Atreya [4] showed that finite rate kinetics are required to capture ignition. Following him we estimate the chemical timescale to be larger (58 min) [40] than the largest timescale of the pulse (16 min). The chemical reaction scheme and parameter values were proposed by Li et al. [17] for MDF. A drying step was added here. The values of the drying step parameters were chosen from Lautenberger et al. [41]. Equation 8 only holds for the three organic components of fibreboard (cellulose, hemicellulose, lignin) while we assume that the resin does not undergo drying. The values for the pre-exponential factor, activation energy, heat of pyrolysis, reaction order, and solid yields are summarized in Table 1.

$$\begin{aligned} wet \; component \rightarrow dry \; component + water \; vapour \qquad (drying) \end{aligned}$$
(8)
$$\begin{aligned} hemicellulose \rightarrow char + pyrolyzate \end{aligned}$$
(9)
$$\begin{aligned} cellulose \rightarrow char + pyrolyzate \end{aligned}$$
(10)
$$\begin{aligned} lignin \rightarrow char + pyrolyzate \end{aligned}$$
(11)
$$\begin{aligned} resin \rightarrow char + pyrolyzate \end{aligned}$$
(12)
Table 1 Modelling Values for Kinetic Constants for Each Reaction: Drying Kinetics from [41], MDF Kinetics from [19]
Table 2 Modelling Parameters: Temperature Dependent Properties for MDF and Char in the form of \(X(T)=X_0 (\frac{T}{300 K})^a\)

The thermal properties used in the simulations are listed in Table 2 for MDF and Table 3 for the aluminium block [42]. The bulk density of MDF was measured prior to the experiment. All other parameters were taken from the literature. No parameter fittings were used. After ignition, a constant radiative flux of 30 kW/m2 was applied to represent the flame irradiation following the work of Huang et al. [19].

Table 3 Modelling Parameters: Properties of Aluminium Block (from [42])

As mentioned previously, MDF does not have a homogeneous density profile because of the pressing process through which it is obtained. Therefore, a non-uniform density (NUD) profile was calculated using Eq. 13, taken from Agarwal et al. [22] (Fig. 3).

$$\begin{aligned} \rho _0(z)={\overline{\rho }}\Bigg \{1+\frac{1-\xi }{2+\xi }\Big [1-12\bigg (\frac{z}{L_0}-\frac{1}{2}\bigg )\Big ]\Bigg \} \end{aligned}$$
(13)

where \({\overline{\rho }}\) is the bulk (i.e., mean) density (605 kg/m\(^3\) in this case), and \(\xi\) is the ratio of the maximum density (occurring at the surface) to the minimum density (occurring at \(z=\frac{L_0}{2}\)) and has a value of \(\xi =1.61\) [22]. \(L_0\) is the fibreboard’s thickness (i.e. 18 mm)

Figure 3
figure 3

Density profile discretization: the implementation of the actual density profile (shown in a dotted line), which was calculated based on Eq. 13, was performed in four levels.
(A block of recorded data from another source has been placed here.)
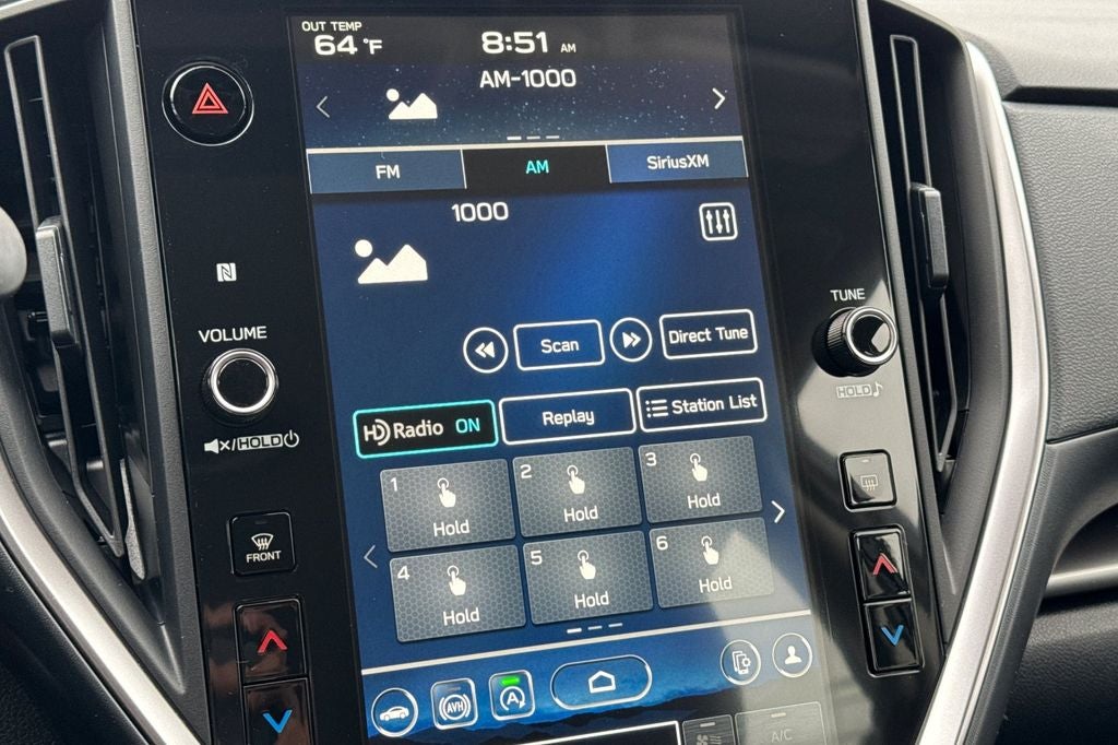 - Radio: Subaru 11.6" Multimedia Plus System -inc: valet mode, AM/FM stereo, HD Radio, multi-touch gesture high resolution display screen, voice activated controls, Bluetooth® audio streaming and hands-free phone connectivity, Bluetooth® hands-free SMS text messaging connectivity, iPod control capability, smartphone integration: wired and wireless Android Auto w/full screen view, wireless Apple CarPlay w/full screen view and wireless connection, USB and Over The Air (OTA) audio system update, audio system and Bluetooth® steering wheel control switches, 6 speakers (2 dash panel tweeter, 2 front door, 2 rear door), illuminated 3.5mm auxiliary input jack, illuminated USB A and C input charge ports, roof mounted satellite and connected services, roof mounted black antenna, connected services operation indicator, SOS emergency assistance (red button) and ehanced roadside assistance (blue i-button)
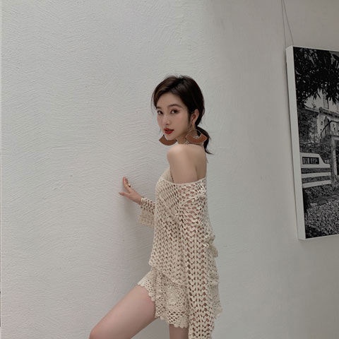 Giới thiệu Set Ren Bikini Đi Biển 2 Mảnh Áo Choàng Len Móc Tay Dài Cổ Tròn Kiểu 12 | Smide Clothing
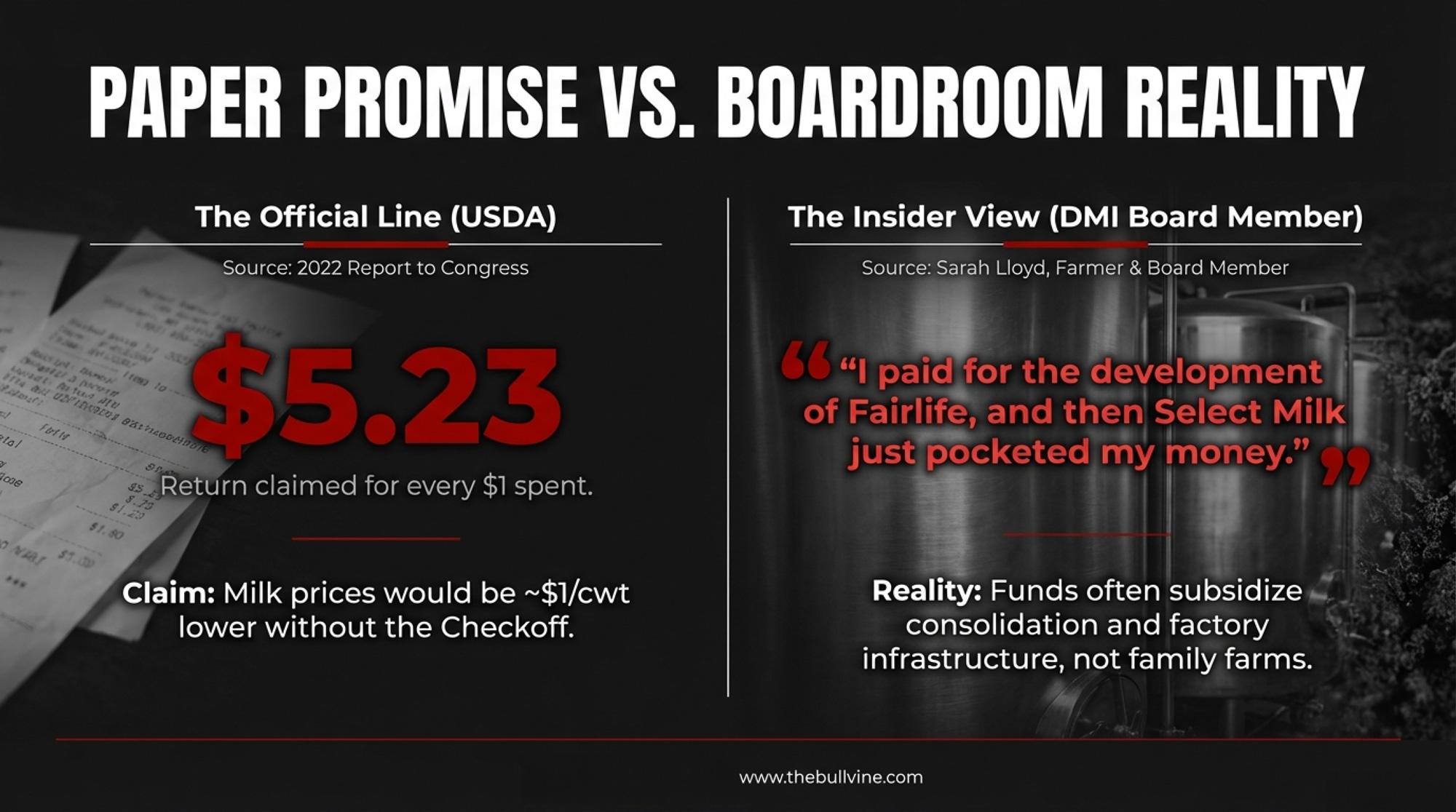 | Sarah Lloyd | Wisconsin Dells, WI 350 cows Nelson family operation | Co-op member Served on National Dairy Promotion Board & Wisconsin Milk Marketing Board | ~$9,500/year | “I paid for the development of Fairlife, then Select Milk just pocketed my money and took the profit when they sold to Coca-Cola.” (red) |
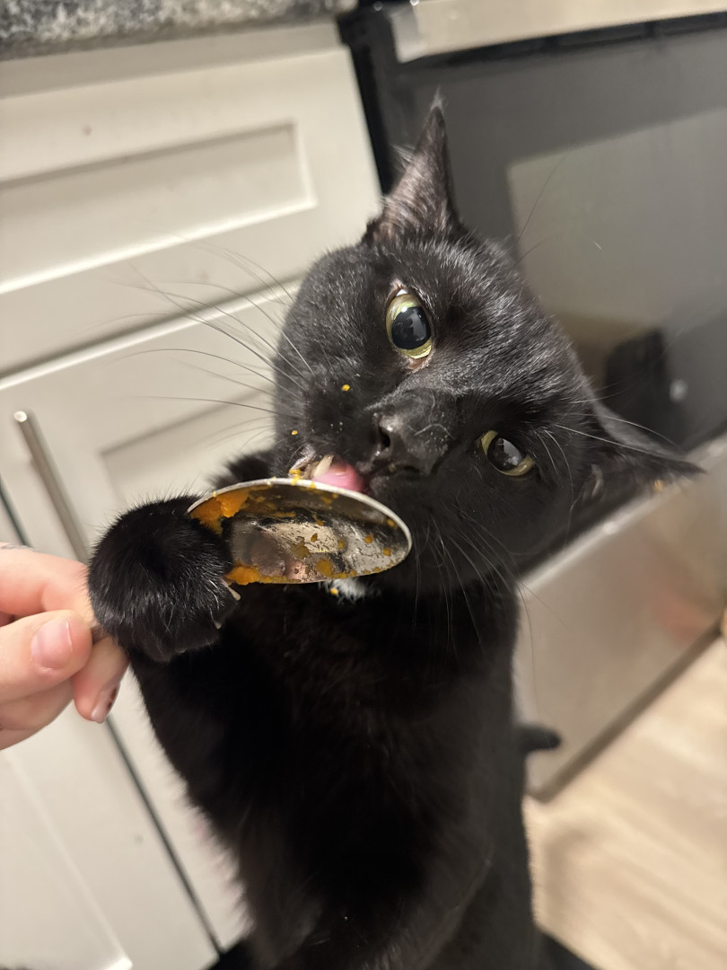 Bean! His previous owner had him locked in a room the first year of his life. He’s now living lavish with his kitten sister, mom and dad🫶🏼
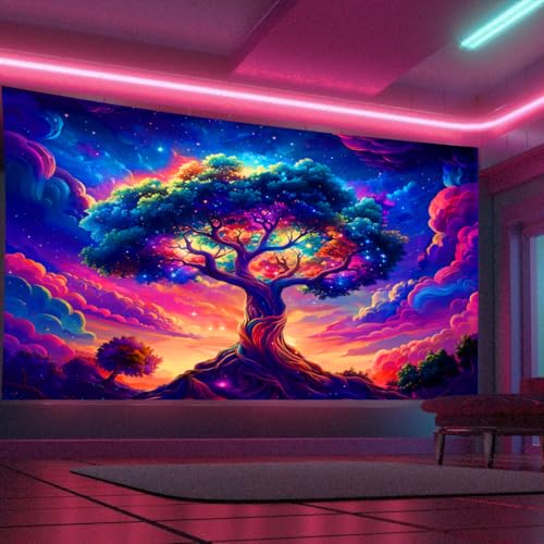 Arsey svart ljus gobeläng estetisk livsträd väggbonad psykedelisk UV – reaktiv väggbonad galaxhimmel färgglad natur landskap träd livets väggdekoration vardagsrum, 300 x 180 cm
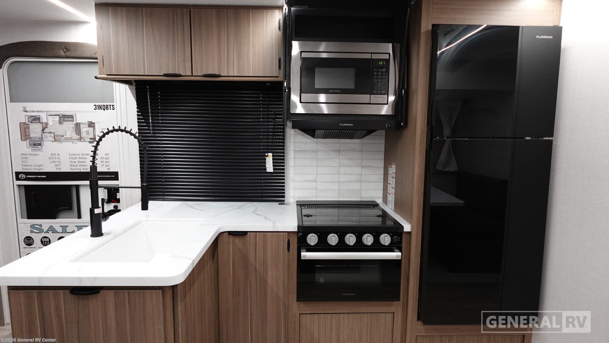 Forest River Salem travel trailer 31KQBTS highlights: Spacious Bunkhouse Outdoor Kitchen L-Shaped Versa Lounge Triple Slides Custom King Bed with Versa Tilt The rear private bunkhouse in this Salem travel trailer is super accommodating for your kids or your overnight guests! It has two opposing slides which provide extra floor space and a full-width closet/entertainment center which delivers extra space for backpacks and tennis shoes. The front private bedroom will be perfect for you with its custom king bed and dual closets, and any additional guests can sleep on the L-shaped versa lounge. There is also a Versa Flex table here to dine at or get some work done. Everyone will enjoy their own space when it's time to freshen up in the full bath with a walk-in shower, and the chef of the group will have all the appliances needed to make meals each day. And don't forget about the outdoor kitchen for outdoor fun! The Salem travel trailers are packed with hassle-free camping amenities! There are a variety of floorplans to choose from between three different regions. The heated and enclosed Accessibelly will help protect against the elements and debris during transport, and the exterior retro/metal redesign is sure to be eye-catching! There are stylish roller shades inside, along with updated backsplash, elegant curtain rods and curtains, plus many more interior comforts! Choose a Salem travel trailer today for quality and value!
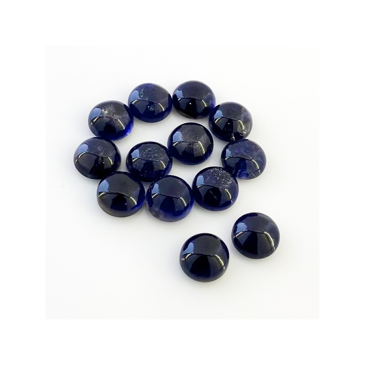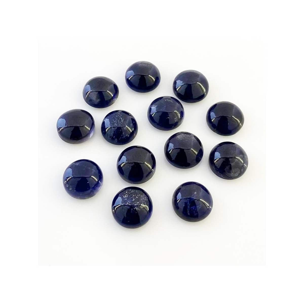 Buy This "A" Grade 9mm Smooth Round Shape Natural Iolite (Un-Treated) Cabochons Parcel. You Will Receive 13 Pcs. With a Total Weight of 35.20 Carat. This Iolite Stone is Originated From India and Masterfully Handcrafted by The Experienced Artisans of Jaipur (India).
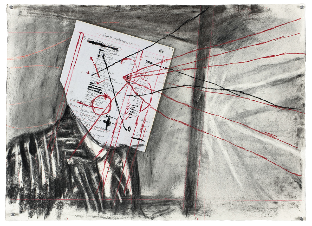 William Kentridge, drawing for the film Other Faces, 2011. Charcoal and colored pencil on paper, 22 1⁄2 × 31 inches. Courtesy the Broad Art Foundation.
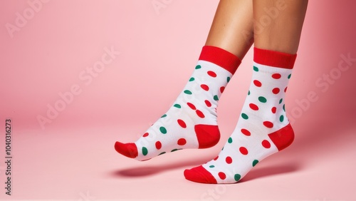Person wearing stylish white socks with blue polka dots, set against a vibrant pink background. Perfect for fashion, comfort, and playful style.
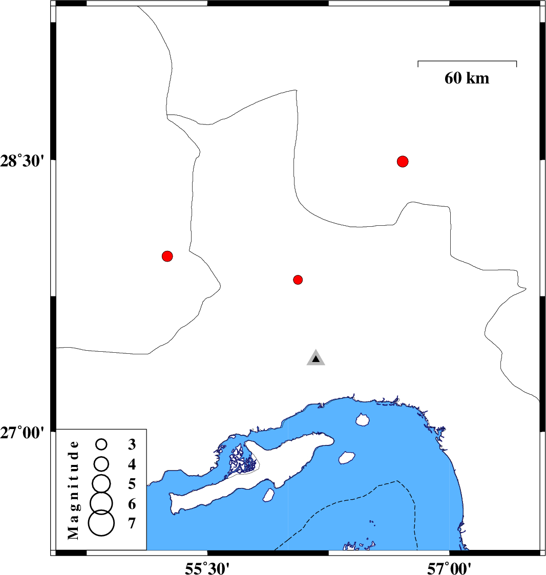 | 2012/07/30 | 17:18:19.8 | 21:48:19.8 | 27.97 | 55.25 | 14 | ML:2.9 | Fars Province, 74 km South-West of Hajiabad |
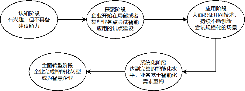 企业的认知智能转型将会面临诸多挑战,需要经历不同的阶段才能实现认知智能落地。图2展示了企业认知智能转型的过程,在整体上包括认知、探索、应用、系统化及全面转型阶段。
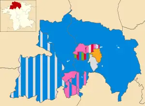 Summary of the council composition after recent council elections, click on the year for full details of each election. Boundary changes took place for the 2004 and 2015 elections, leading to the whole council bring elected in those years.[4][5] The number of councillors was reduced from 42 to 33 for the 2015 election.[2]
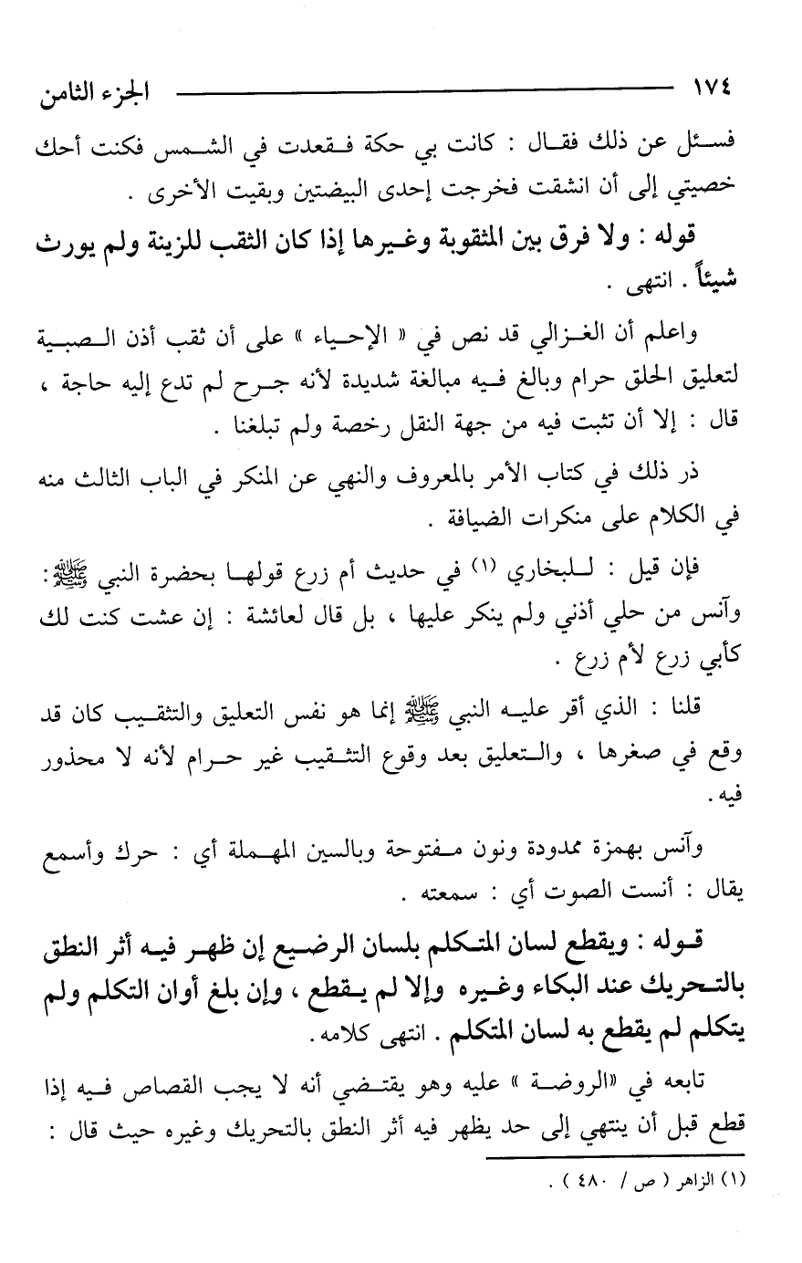 واعلم أن الغزالي قد نص في "الإحياء" على أن ثقب أذن الصبية لتعليق الحلق حرام وبالغ فيه مبالغة شديدة لأنه جرح لم تدع إليه حاجة، قال: إلا أن تثبت فيه من جهة النقل رخصة ولم تبلغنا.

From a simple 3 layers of 6 mm (1), the discretization becomes finer to 6 layers of 3 mm (2), 9 layers of 2 mm (3), and finally 18 layers of 1 mm (4)

The density of char was assumed to be uniform and independent of temperature based on the results in [18]. A sensitivity analysis was run in order to find the appropriate discretization of the density profile—as Gpyro required discretization of the curve—with results discussed in Sect. 4 below. Thus going from coarse to fine, we implemented four levels of discretization (Fig. 3): (1) 3 layers of 9 mm, (2) 6 layers of 3 mm, (3) 9 layers of 2 mm, and (4) 18 layers of 1 mm.

4 Results and Discussion

4.1 Experimental results for the Ignition and Extinction of MDF

This section considers pilot ignition and flameout as a function of the irradiation curve, and suggests that ignition criteria under transient irradiation are similar to those under constant irradiation. Figure 4 summarizes the values of mass loss rate (MLR) and surface temperature at ignition for all 8 scenarios. In the experiments, MLR at ignition ranges between 5 g/m2-s and 8 g/m2-s. The MLR is higher than the literature values of similar materials, which are around 3.4 g/m2-s for plywood [43] and 2 g/m2-s for poplar [44] under constant irradiation. Surface temperatures at ignition are close to 300°C for the majority of cases, with the exception being the parabolic flux with a time to peak of 260 s and a peak irradiation of 30 kW/m2. The literature values for ignition temperatures for wood are between 300°C and 350°C [45] under constant irradiation. This comparison would suggest that a critical mass loss rate is a sufficient ignition criteria for MDF. However, in Scenario 3, see Fig. 4, the mass loss rate exceeds the critical mass loss rate but the sample did not ignite at the 200 s mark. This experiment supports previous studies that found that one ignition criteria is insufficient to predict the ignition of wood [24] and PMMA [29]. The applicability of a multi-threshold for ignition could not be tested further in this study, as ignition occurred in all experiments.

Figure 4
figure 4

(Left) experimental measurements of MLR and surface temperature at ignition are shown. (Right) the evolution of the mass loss rate prior to ignition is shown

Figure 5
figure 5

Comparison between the time to peak versus the time to ignition (top), and time to the end of irradiation versus the time to flameout (bottom) for all transient irradiation scenarios (measurements)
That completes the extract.